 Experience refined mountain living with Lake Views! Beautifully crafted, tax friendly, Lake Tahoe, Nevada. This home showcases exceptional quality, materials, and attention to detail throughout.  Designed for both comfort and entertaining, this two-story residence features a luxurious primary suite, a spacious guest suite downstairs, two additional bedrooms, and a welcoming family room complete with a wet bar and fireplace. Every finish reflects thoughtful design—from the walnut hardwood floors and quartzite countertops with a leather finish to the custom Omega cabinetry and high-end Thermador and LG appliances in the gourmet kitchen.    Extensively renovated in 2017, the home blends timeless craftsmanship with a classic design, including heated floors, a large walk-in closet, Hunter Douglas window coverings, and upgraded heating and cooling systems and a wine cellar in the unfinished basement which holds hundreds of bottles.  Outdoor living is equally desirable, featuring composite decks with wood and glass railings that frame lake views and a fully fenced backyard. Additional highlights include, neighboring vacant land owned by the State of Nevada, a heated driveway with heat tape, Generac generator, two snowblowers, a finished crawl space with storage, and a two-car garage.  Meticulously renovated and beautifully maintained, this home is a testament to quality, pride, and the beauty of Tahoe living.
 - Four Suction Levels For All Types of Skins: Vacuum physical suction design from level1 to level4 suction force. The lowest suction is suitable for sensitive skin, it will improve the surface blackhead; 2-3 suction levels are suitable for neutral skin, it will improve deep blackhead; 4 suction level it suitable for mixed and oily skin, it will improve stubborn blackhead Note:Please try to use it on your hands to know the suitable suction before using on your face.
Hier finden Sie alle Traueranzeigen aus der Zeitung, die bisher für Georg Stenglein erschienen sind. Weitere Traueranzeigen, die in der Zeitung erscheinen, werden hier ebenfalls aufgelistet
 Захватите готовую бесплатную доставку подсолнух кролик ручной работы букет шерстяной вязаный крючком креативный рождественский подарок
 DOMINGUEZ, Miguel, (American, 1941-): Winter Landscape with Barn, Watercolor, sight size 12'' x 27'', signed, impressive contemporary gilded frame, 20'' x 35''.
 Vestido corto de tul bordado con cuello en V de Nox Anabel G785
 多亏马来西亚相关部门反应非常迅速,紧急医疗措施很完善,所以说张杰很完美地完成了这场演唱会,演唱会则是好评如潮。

-- -- --

■ Prompt ■
All lines from the line containing "Vestido corto de" through the last line of the data are to be repeated exactly; no other line belongs in the answer.

■ Solution ■
 Vestido corto de tul bordado con cuello en V de Nox Anabel G785
 多亏马来西亚相关部门反应非常迅速,紧急医疗措施很完善,所以说张杰很完美地完成了这场演唱会,演唱会则是好评如潮。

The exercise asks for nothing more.